Leave the pictures in the listing below aside and reproduce exactly the lines starting with the one with "断続的に強く降る中、子供たちは元気に登校して来ます。" and going on through the one with "semelle amovible cousue", both ends included.

_STUDY MATERIAL:_
══════

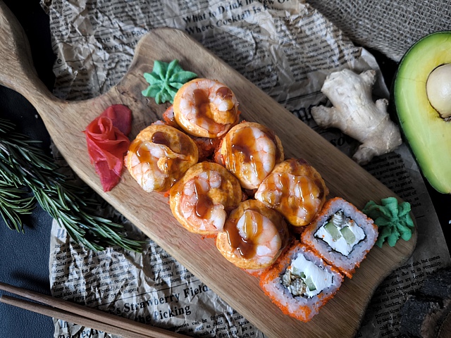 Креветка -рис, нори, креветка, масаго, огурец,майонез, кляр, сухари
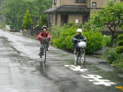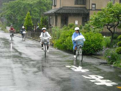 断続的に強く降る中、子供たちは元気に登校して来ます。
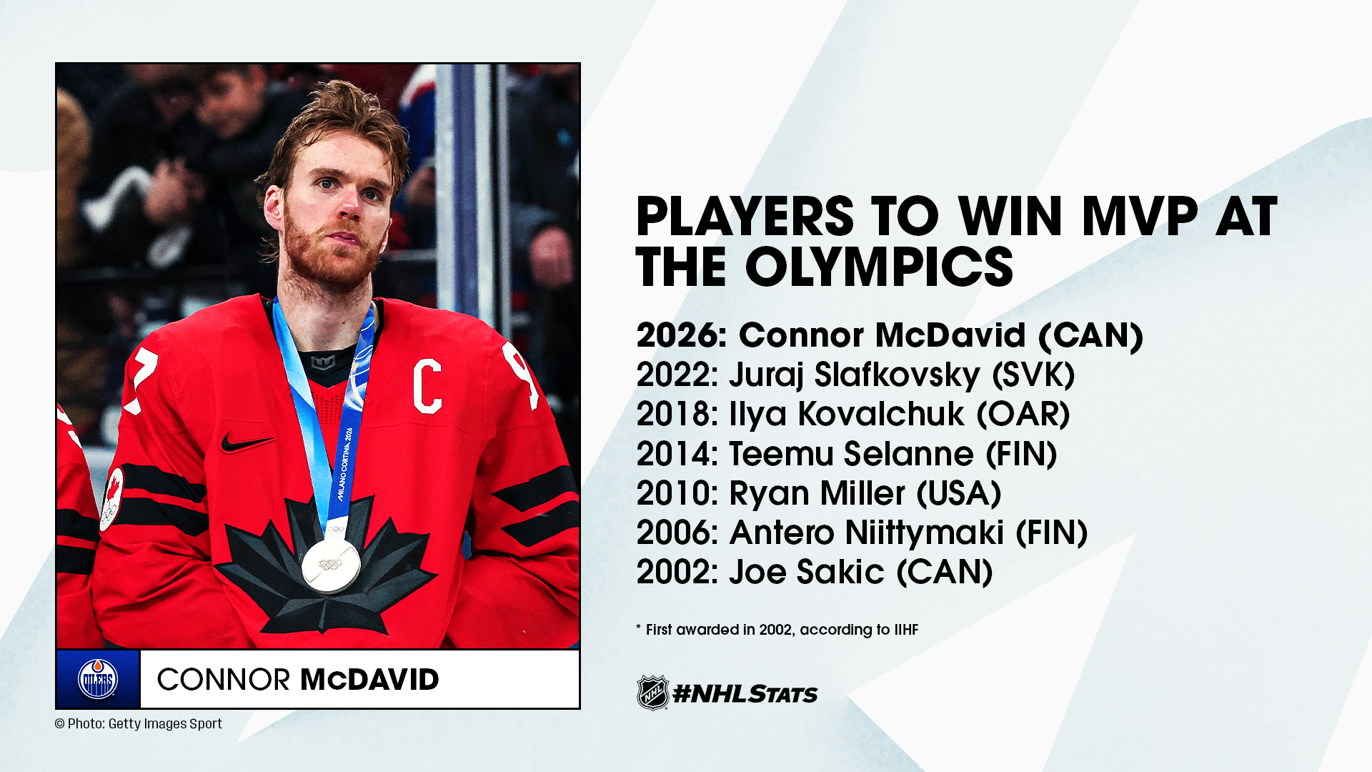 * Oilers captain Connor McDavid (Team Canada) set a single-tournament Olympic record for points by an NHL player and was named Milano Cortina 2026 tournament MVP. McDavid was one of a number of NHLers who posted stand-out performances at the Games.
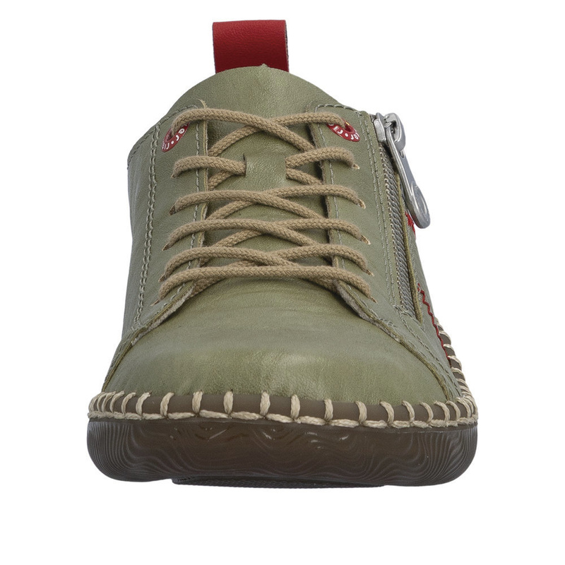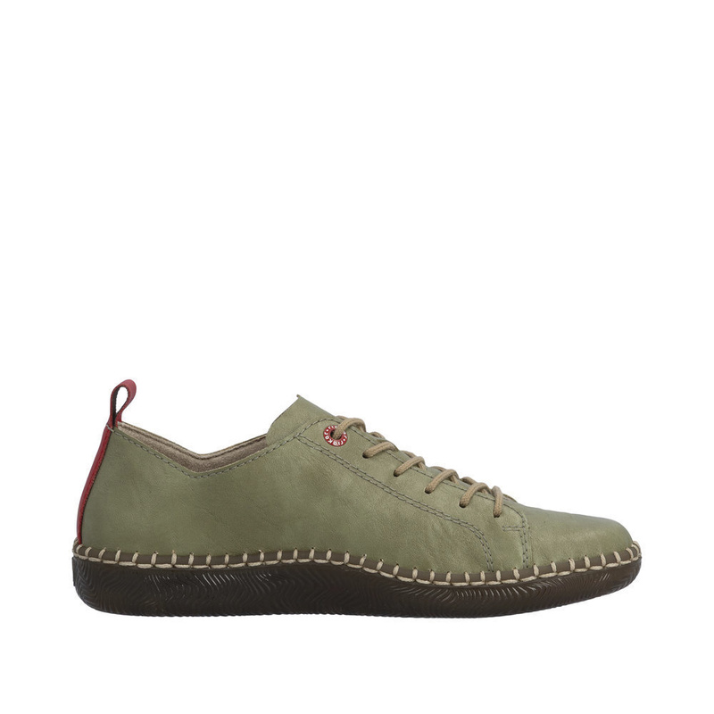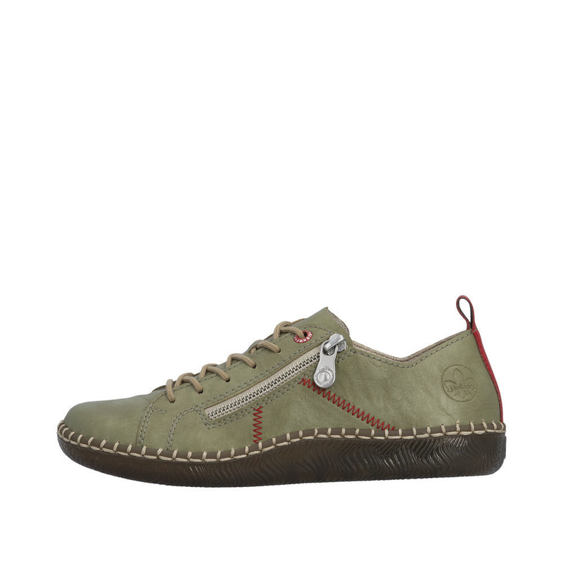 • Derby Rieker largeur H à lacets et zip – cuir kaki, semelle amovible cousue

══════

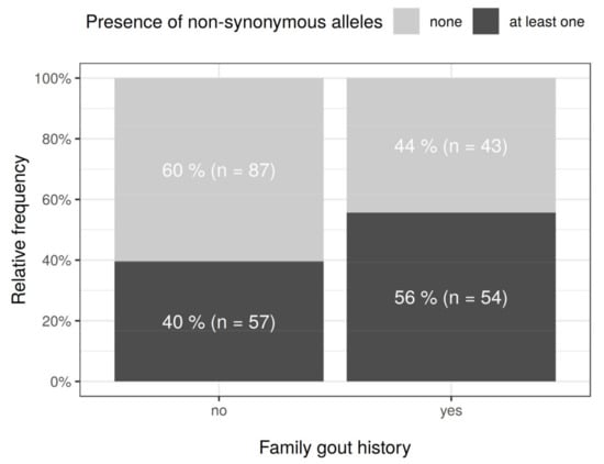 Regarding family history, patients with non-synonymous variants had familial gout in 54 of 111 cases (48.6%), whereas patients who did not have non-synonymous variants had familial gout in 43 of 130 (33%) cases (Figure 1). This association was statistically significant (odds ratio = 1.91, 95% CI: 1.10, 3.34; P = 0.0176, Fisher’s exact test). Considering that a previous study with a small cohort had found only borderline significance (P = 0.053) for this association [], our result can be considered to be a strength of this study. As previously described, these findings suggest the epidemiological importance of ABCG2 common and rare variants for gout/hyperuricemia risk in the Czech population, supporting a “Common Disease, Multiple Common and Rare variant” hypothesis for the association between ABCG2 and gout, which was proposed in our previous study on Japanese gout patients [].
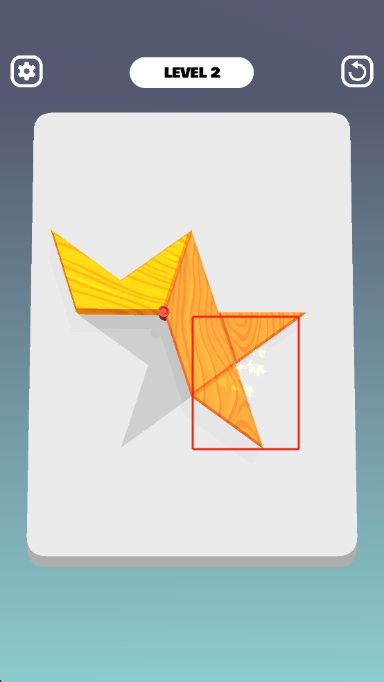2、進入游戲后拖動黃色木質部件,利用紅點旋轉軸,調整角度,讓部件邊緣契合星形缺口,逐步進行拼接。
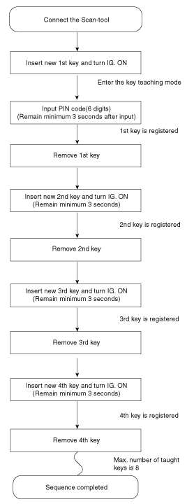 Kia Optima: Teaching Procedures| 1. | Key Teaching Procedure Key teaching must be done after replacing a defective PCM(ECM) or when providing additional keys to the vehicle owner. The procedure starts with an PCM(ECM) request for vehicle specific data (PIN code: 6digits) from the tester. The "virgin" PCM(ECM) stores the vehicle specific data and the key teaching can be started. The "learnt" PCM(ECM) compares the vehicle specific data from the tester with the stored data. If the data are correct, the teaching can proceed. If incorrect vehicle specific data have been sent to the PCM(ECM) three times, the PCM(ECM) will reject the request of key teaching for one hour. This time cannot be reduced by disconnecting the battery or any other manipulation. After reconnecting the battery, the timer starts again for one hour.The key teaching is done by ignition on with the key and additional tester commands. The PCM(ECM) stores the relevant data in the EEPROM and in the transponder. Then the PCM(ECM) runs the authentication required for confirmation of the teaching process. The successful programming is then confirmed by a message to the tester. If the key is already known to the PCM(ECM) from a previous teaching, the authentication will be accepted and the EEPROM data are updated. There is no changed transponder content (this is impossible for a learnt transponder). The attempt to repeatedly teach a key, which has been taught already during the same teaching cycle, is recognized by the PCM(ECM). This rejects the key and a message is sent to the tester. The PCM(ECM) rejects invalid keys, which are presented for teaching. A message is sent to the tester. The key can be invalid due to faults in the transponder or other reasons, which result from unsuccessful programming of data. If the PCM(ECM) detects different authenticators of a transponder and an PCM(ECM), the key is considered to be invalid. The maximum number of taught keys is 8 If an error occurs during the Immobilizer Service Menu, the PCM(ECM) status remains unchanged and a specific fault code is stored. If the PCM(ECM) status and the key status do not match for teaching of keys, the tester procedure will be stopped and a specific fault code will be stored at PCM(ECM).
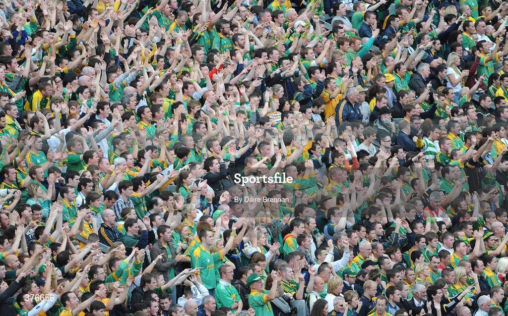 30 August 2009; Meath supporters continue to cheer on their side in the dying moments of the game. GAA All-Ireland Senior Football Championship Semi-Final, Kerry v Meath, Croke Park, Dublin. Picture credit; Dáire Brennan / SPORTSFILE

══════

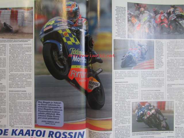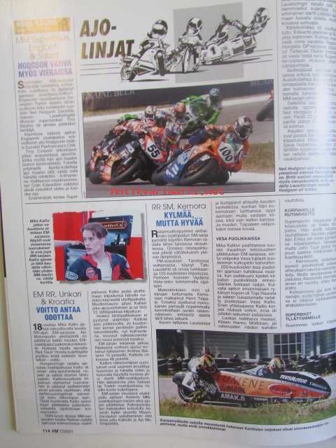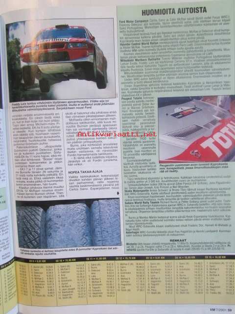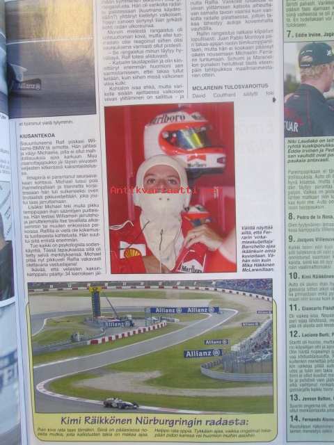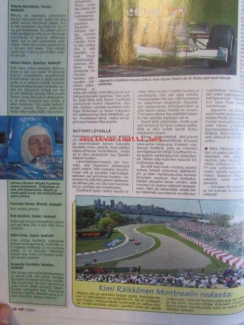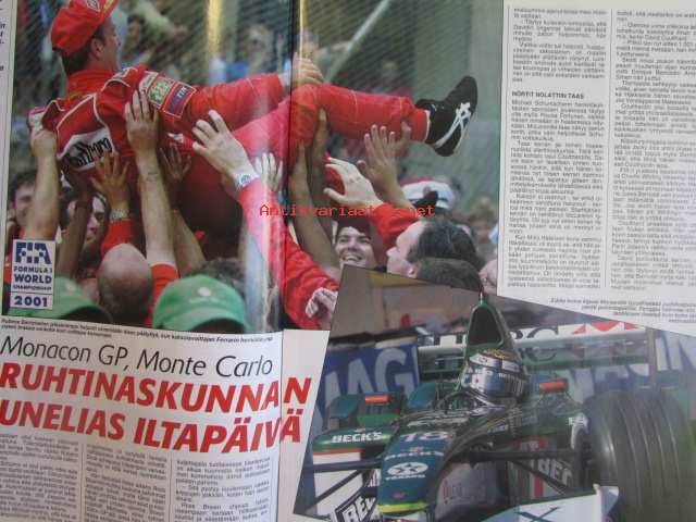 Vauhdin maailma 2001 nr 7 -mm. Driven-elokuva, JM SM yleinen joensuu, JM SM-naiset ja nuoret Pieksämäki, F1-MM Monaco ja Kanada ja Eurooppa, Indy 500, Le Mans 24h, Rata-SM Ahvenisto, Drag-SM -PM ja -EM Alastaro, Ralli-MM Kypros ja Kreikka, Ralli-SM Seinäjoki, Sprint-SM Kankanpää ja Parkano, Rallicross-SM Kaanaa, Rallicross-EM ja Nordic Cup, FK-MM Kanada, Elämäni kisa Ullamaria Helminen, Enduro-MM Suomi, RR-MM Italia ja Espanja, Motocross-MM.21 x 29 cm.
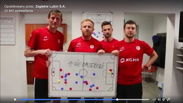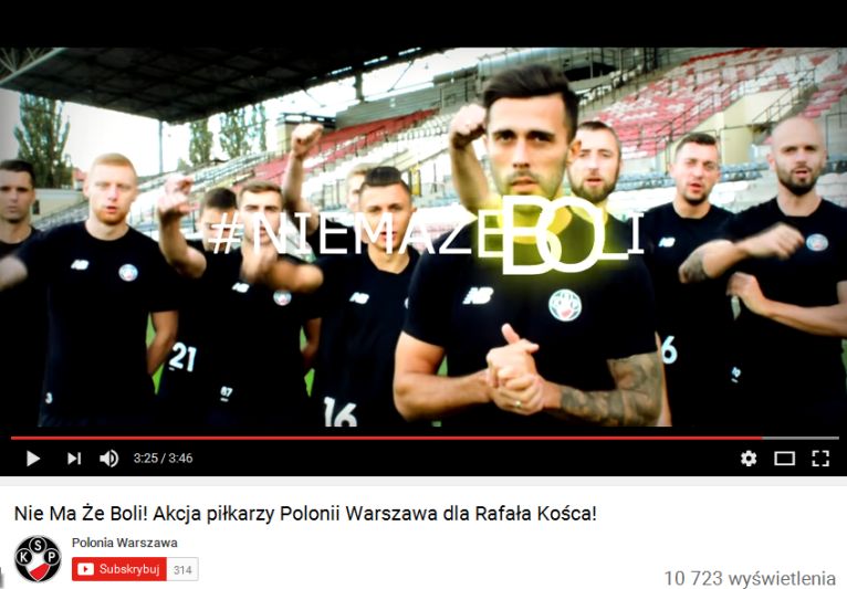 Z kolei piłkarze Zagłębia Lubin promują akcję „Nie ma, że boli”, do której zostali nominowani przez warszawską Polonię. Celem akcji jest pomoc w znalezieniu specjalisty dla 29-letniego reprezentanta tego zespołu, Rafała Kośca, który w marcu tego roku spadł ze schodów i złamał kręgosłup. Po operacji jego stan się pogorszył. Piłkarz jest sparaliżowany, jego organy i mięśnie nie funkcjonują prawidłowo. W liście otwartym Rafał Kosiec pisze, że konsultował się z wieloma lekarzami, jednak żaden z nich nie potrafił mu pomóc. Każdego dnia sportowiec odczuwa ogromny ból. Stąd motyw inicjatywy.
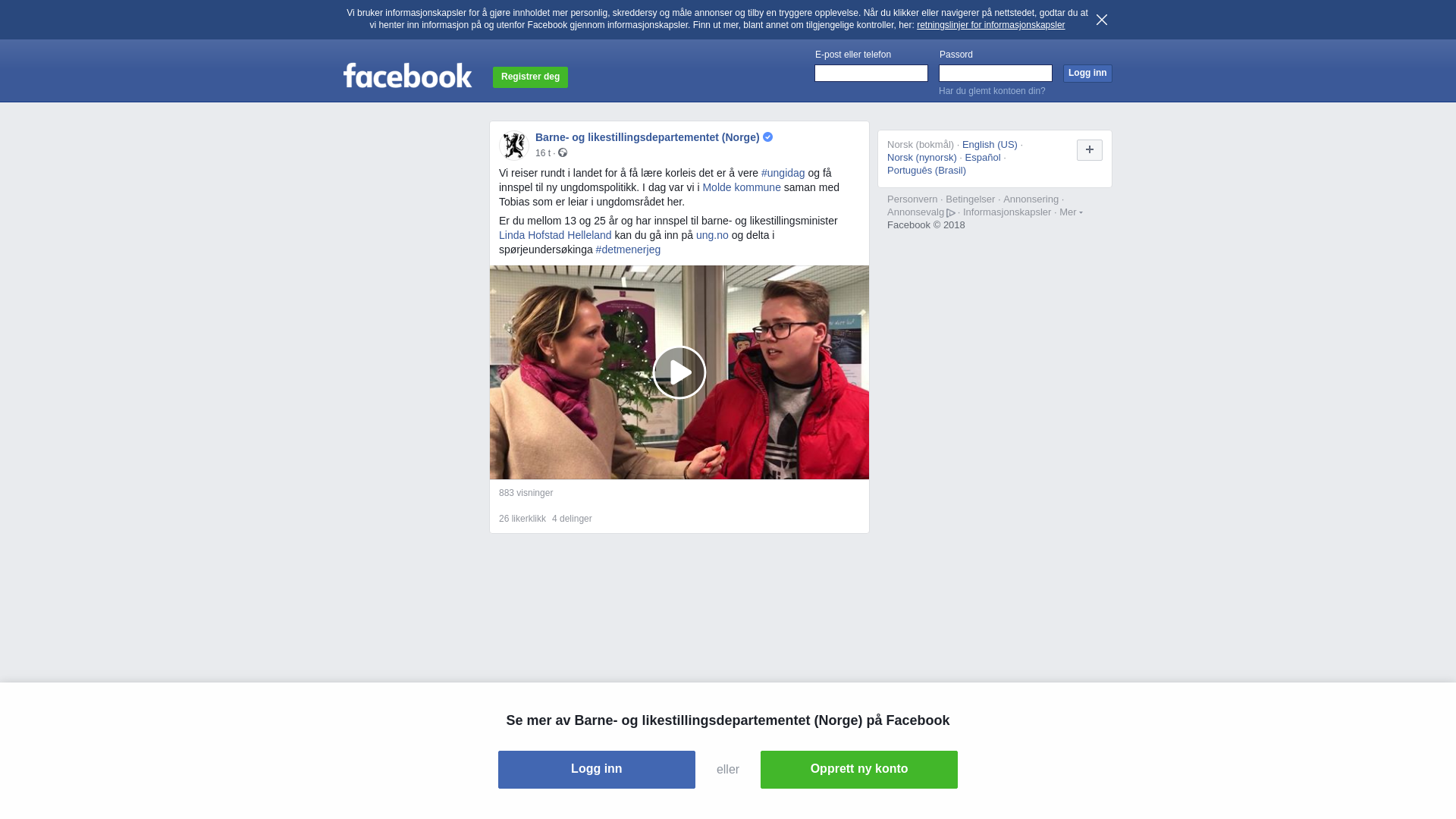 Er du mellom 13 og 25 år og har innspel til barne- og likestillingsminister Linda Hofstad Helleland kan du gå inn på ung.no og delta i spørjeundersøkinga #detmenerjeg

══════

_ANSWER TO THIS PROBLEM:_
 断続的に強く降る中、子供たちは元気に登校して来ます。
 * Oilers captain Connor McDavid (Team Canada) set a single-tournament Olympic record for points by an NHL player and was named Milano Cortina 2026 tournament MVP. McDavid was one of a number of NHLers who posted stand-out performances at the Games.
 • Derby Rieker largeur H à lacets et zip – cuir kaki, semelle amovible cousue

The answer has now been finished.